Consolidating student loans and forbearance
For example, the Pay As You Earn plan offers forgiveness of any remaining balance after 20 years of on-time payments.So, if you've already made several years' worth of payments under the plan, you'd effectively be starting the clock over.If you use a federal direct consolidation loan, a weighted average of your loans' interest rates will be taken, and then adjusted upward by 0.125%.Although it's a small difference, it's important to be aware that you'll pay slightly more interest by consolidating.In other words, if you just graduated and apply for a consolidation loan, you need to be prepared to start making payments much sooner.When you consolidate your loans, your loan repayment term starts again, or could get even longer.Consolidating your student loans can seem like an attractive idea.

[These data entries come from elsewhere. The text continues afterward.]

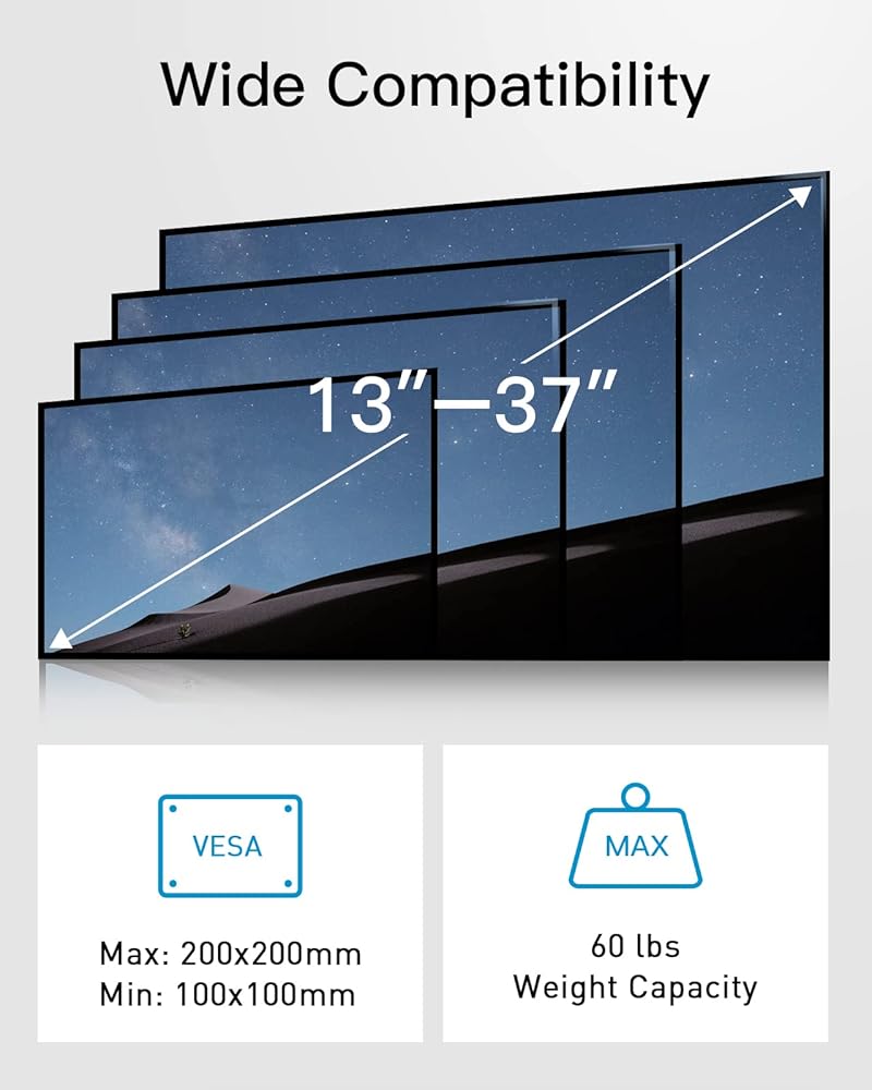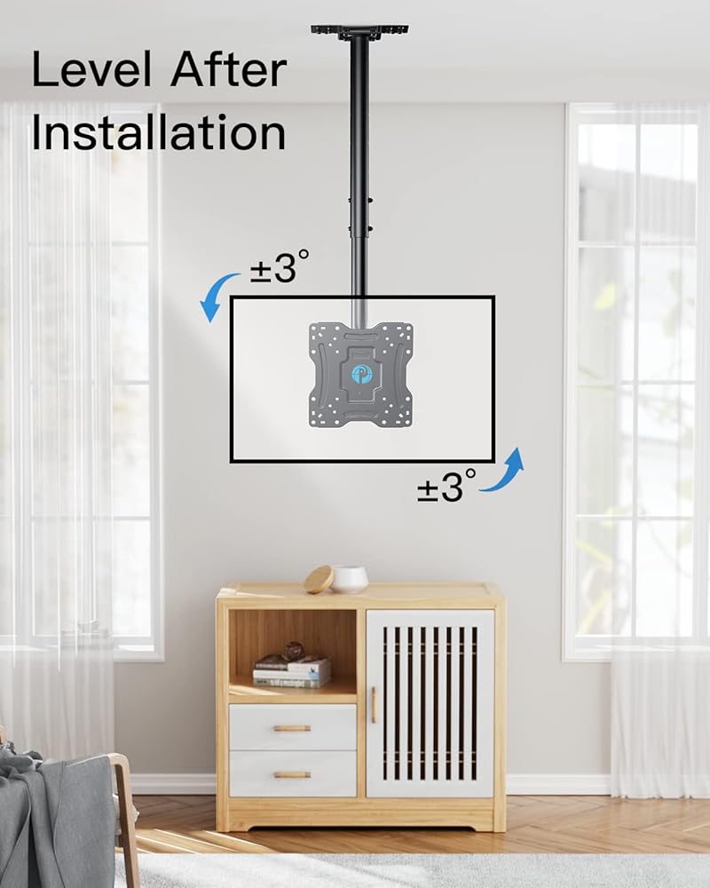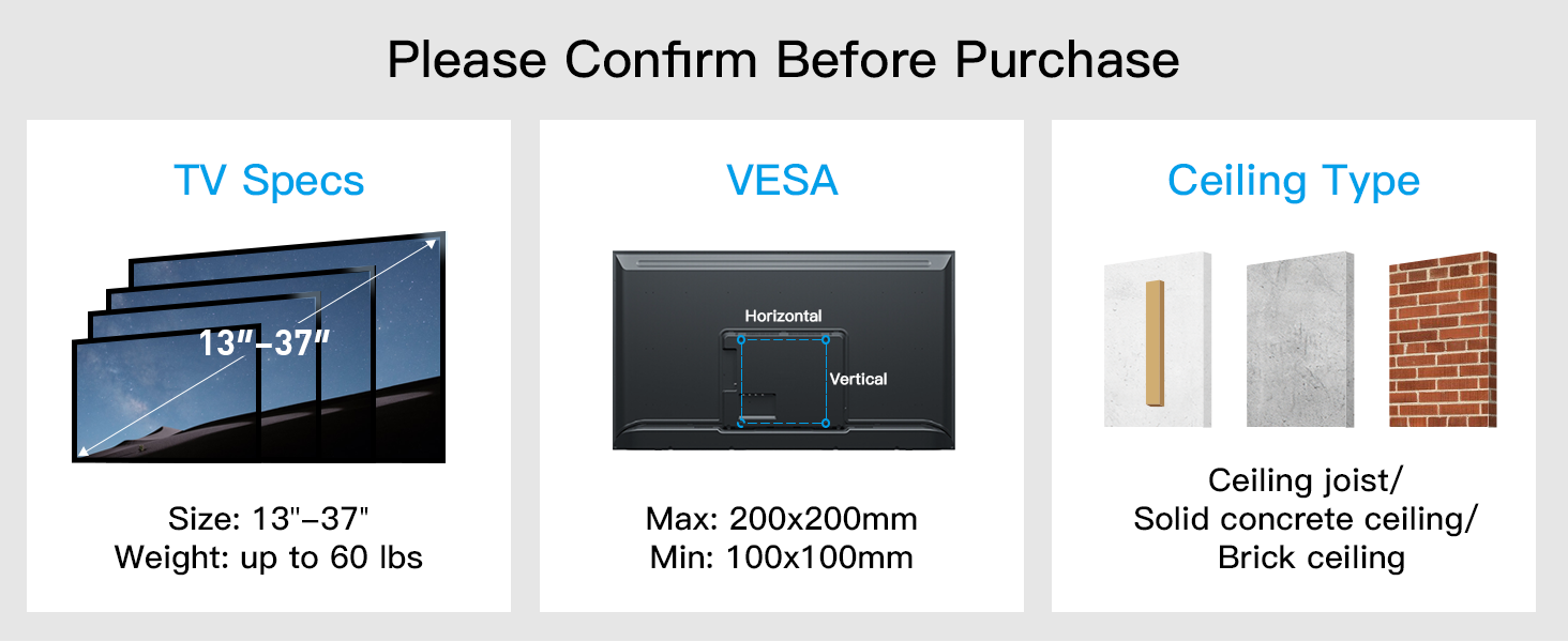 توافق واسع: يناسب حامل السقف هذا معظم أجهزة التلفزيون مقاس 13 بوصة - 37 بوصة حتى 60 باوند مع أنماط تثبيت فيسا من 100 × 100 إلى 200 × 200 ملم. يرجى التحقق من حجم ووزن ونمط فيسا للتلفزيون الخاص بك قبل الشراء.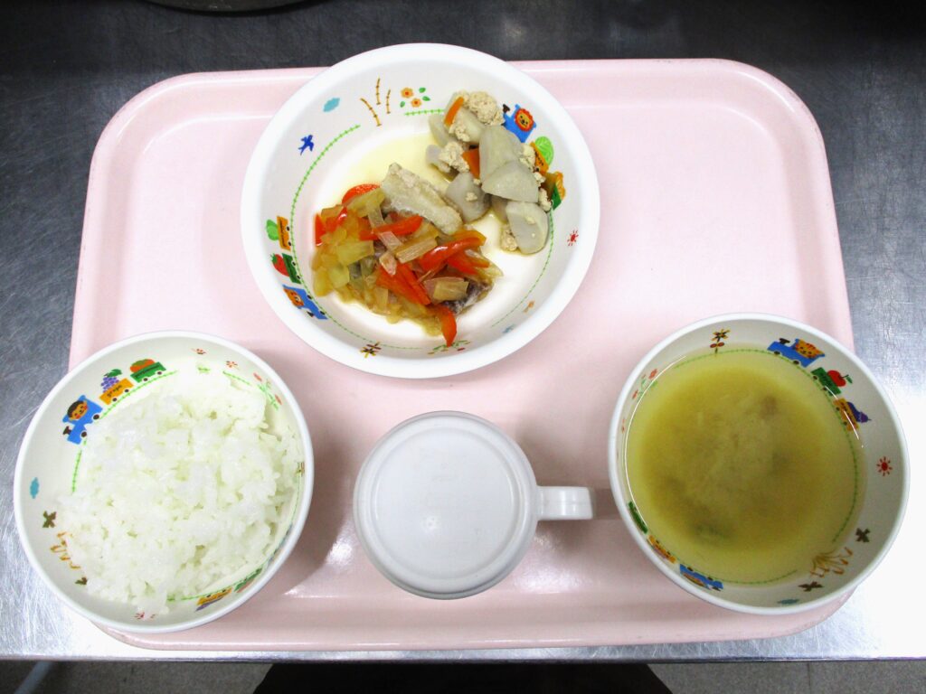 👨🍳今日の給食🌈アジの南蛮漬け風🐟 2024.02.06 50view 大宮たんぽぽ保育園🌈 今日の給食🍽️ 🍚ごはん なめこのみそ汁🍜 アジの南蛮漬け風🐟 里芋のそぼろ煮✨ いただきます ◀ 前へ | たんぽぽ保育園のブログ 一覧 | 次へ ▶ 関連記事 2026.04.242歳児 こいのぼり製作🎏 2026.04.24豆腐ハンバーグ🍽️ 2026.04.231歳児 お散歩 2026.04.22🐟ぶりの照り焼き🍽️ たんぽぽ保育園のブログ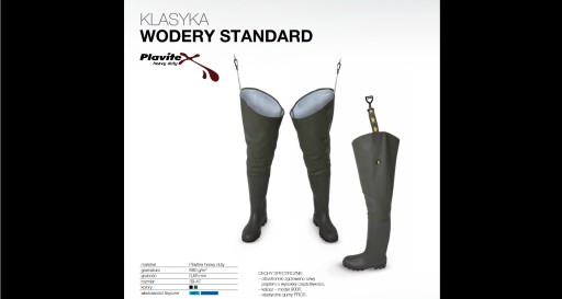 Wodery sprawdzone w różnych warunkach, wygodne i wytrzymałe, pozwalające przebywać cały dzień w wodzie bez obawy przecieknięcia. Produkt wykonany z tkaniny Plavitex która w dotyku ma podobną strukturę do gumy, są one jednak bardziej elastyczne niż guma. Kalosze użyte do tego produktu są elastyczne i dopasowują się do stopy. Waga produktu to w zależności od rozmiaru od 2,5 do 3,5kg Produkt Polecany przez wędkarzy i gospodarstwa Rybackie. Na tej aukcji sprzedajemy kolor zielony ale w naszej ofercie znajdziecie Państwo również kolor czarny, umieszczony na innych naszych aukcjach.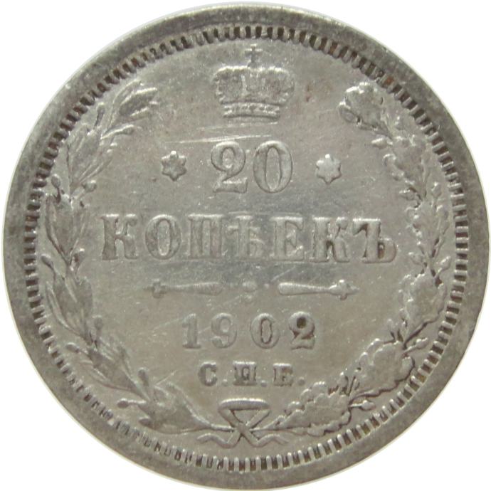 LaZooRo: Rusija 20 Kopeks 1902 VF - Srebro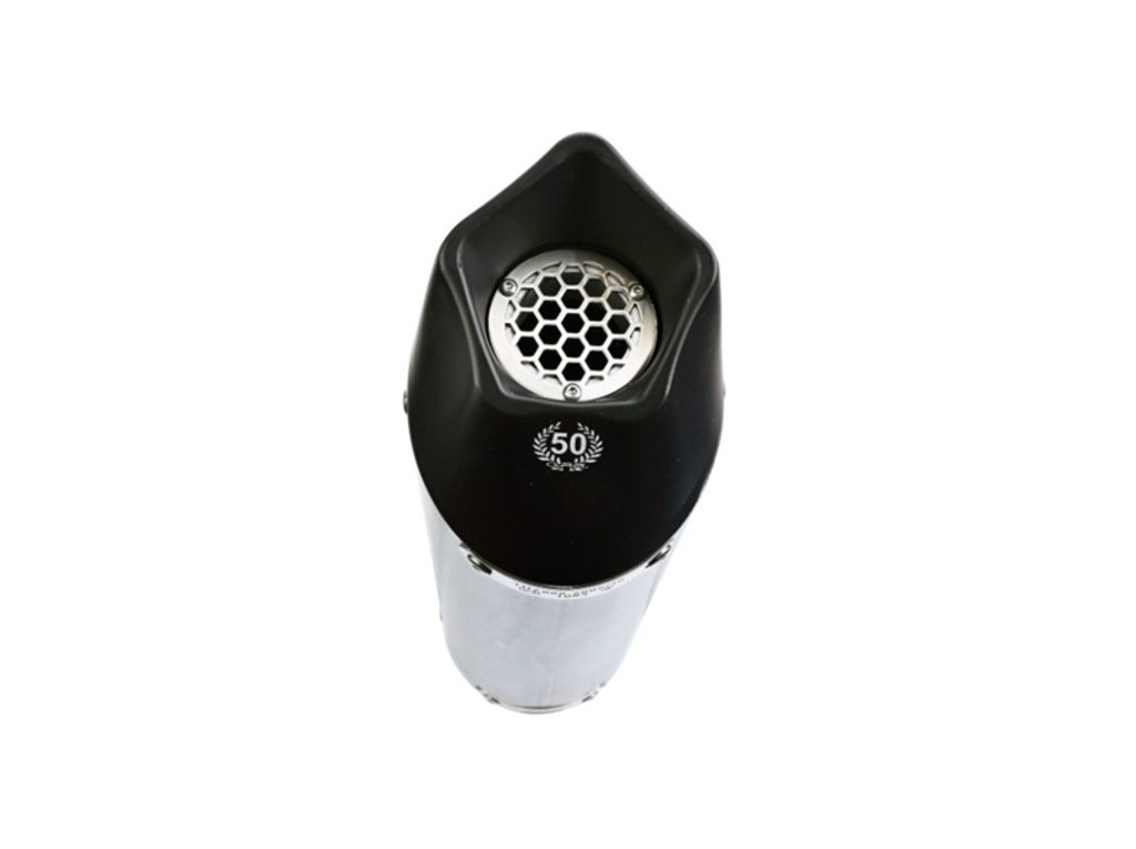 GPR's New Grand Prix Evo Titanium - the Silencer is conical, with a special shape starting from a diameter 90mm to arriva at 130mm of circonference and lenght that depend from the motorbike of destination. It has a sleever made in titanium realized with natural color, black endcap made through CNC machining with pentagonal exit and dbkiller.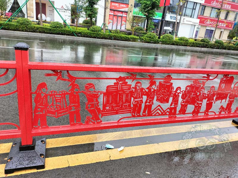 十里紅妝的熱鬧場(chǎng)面已成為歷史,承傳了千百年的婦女境況已徹底改變,但曾經(jīng)讓古代婦女哭過(guò)、恨過(guò)、愛(ài)過(guò)和榮耀過(guò)的一切生活方式和生活空間,通過(guò)城市護(hù)欄藝術(shù)展現(xiàn)。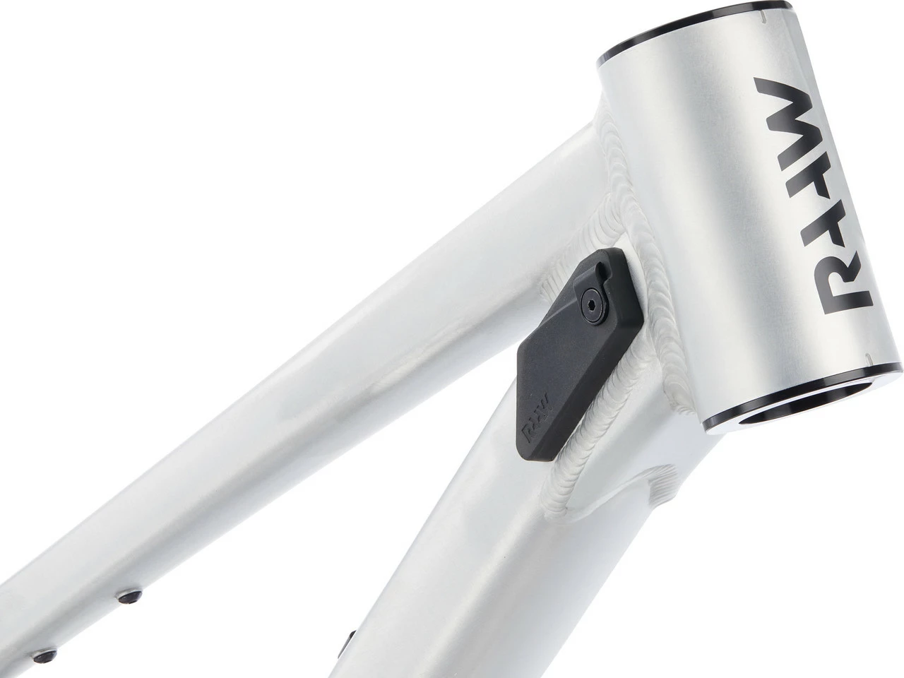 Wie üblich bei RAAW zeugen durchdachte Elemente von hoher Detailverliebtheit. Das Rahmendesign zeigt Matsch die kalte Schulter und ist leicht zu reinigen. Komplett außenverlegte Züge vereinfachen die Wartung und erlauben schnelle Reparaturen. Schützende Gummielemente an Unterrohr und Kettenstrebe sowie innen an der rechten Sitzstrebe tun ihren Job ebenso wie die extralangen Anschlagpuffer, welche verschiedene Gabel-Offsets erlauben und zugleich als Kabelführung dienen. Die zwei Gewinde unten am Oberrohr verwendest Du bei Bedarf, um eine kleine Werkzeugtasche anzubringen. Die Scheibenbremsaufnahme ist ein eigenes Bauteil und standardmäßig für 203-mm-Bremsscheiben ausgelegt. Der spezielle Steuersatz und Hardware zur Dämpfermontage sind bereits im Lieferumfang enthalten.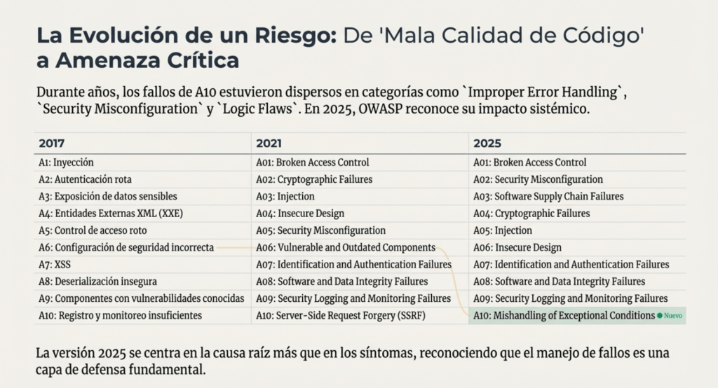 • Por qué OWASP incorporó A10 como categoría específica en 2025, separándola finalmente de la genérica “mala calidad de código”.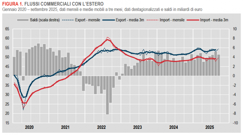 A settembre 2025 l’export cresce su base annua del 10,5% in termini monetari e del 7,9% in volume. La crescita tendenziale dell’export riguarda entrambe le aree, Ue (+10,2%) ed extra Ue (+10,9%). L’import registra un incremento tendenziale del 9,9% in valore, che coinvolge in misura più marcata i mercati extra Ue (+13,7%) rispetto a quelli Ue (+7,2%); in volume, le importazioni crescono dell’11,9%.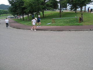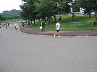 この坂道を登りきってグランドを1周するとゴールです。
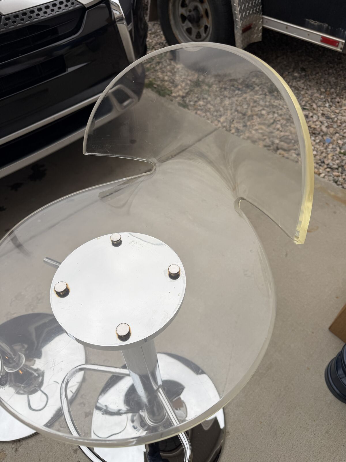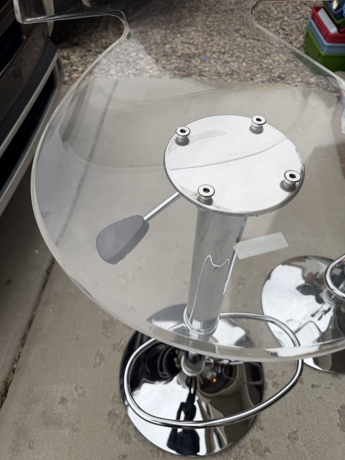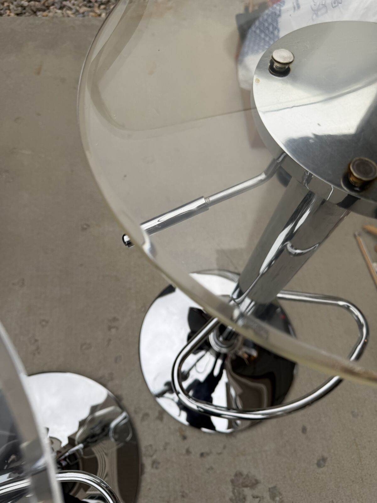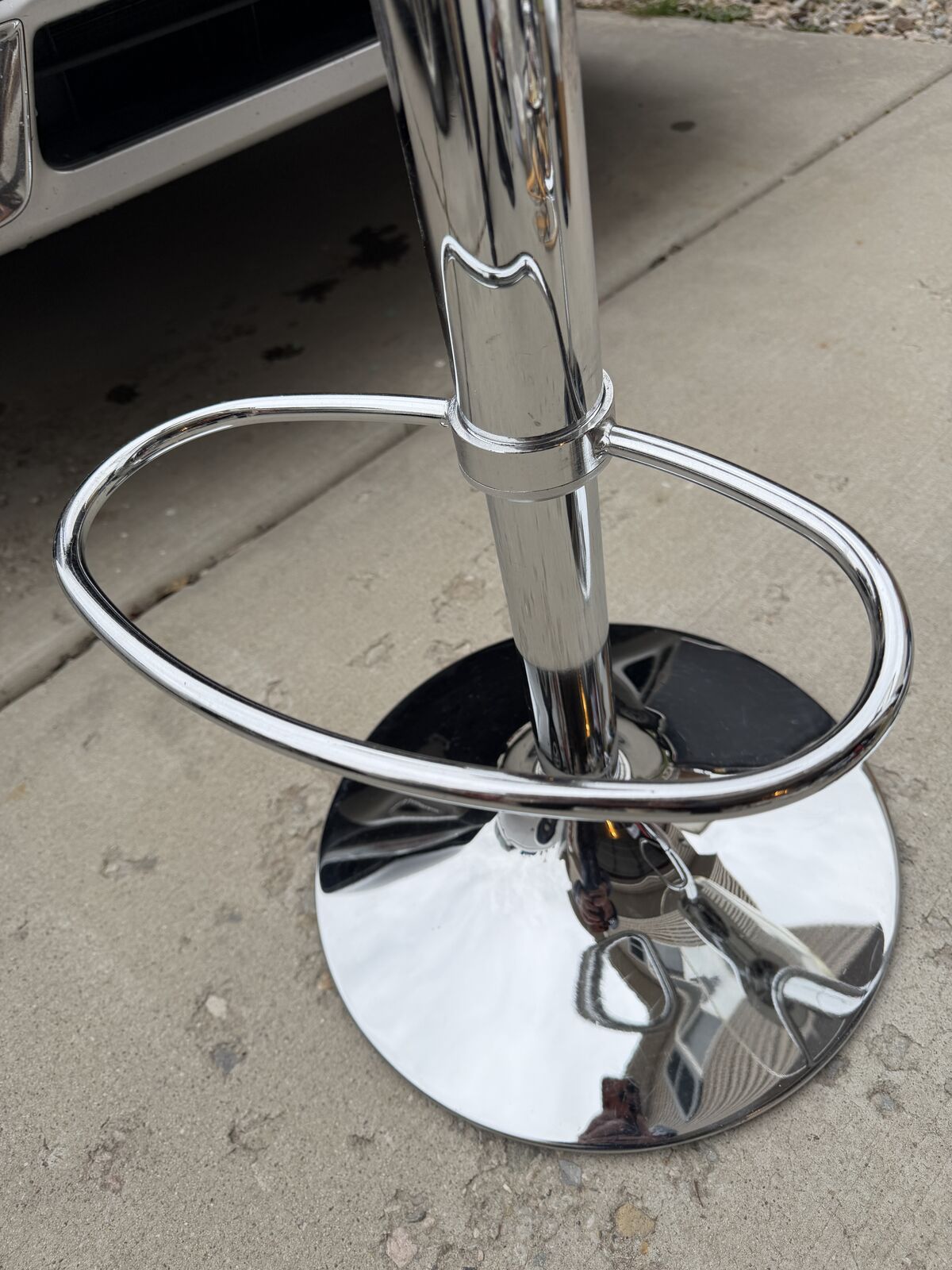 ApplePayA set of two MCM style barstools adjustable height. They are in very good condition. They are not exactly the same but very similar. See pics for complete description.  they each adjust from 21 inches up to 32 inches high.

These loans have interest rates ranging from 5.75% to 6.75%.
Many borrowers are attracted to consolidating because it often translates into a lower monthly payment.
However, you'll end up paying your loans for a longer period of time, especially if you've already been paying on your loans for some time.
However, student loan consolidation has its drawbacks as well and isn't a smart move for everybody.
Here are 7 reasons why you may be better off leaving your student loans as they are.
If you apply for a consolidation loan with a private lender, your new interest rate will be based on factors such as your credit history, repayment term length, and your lender's currently available interest rates.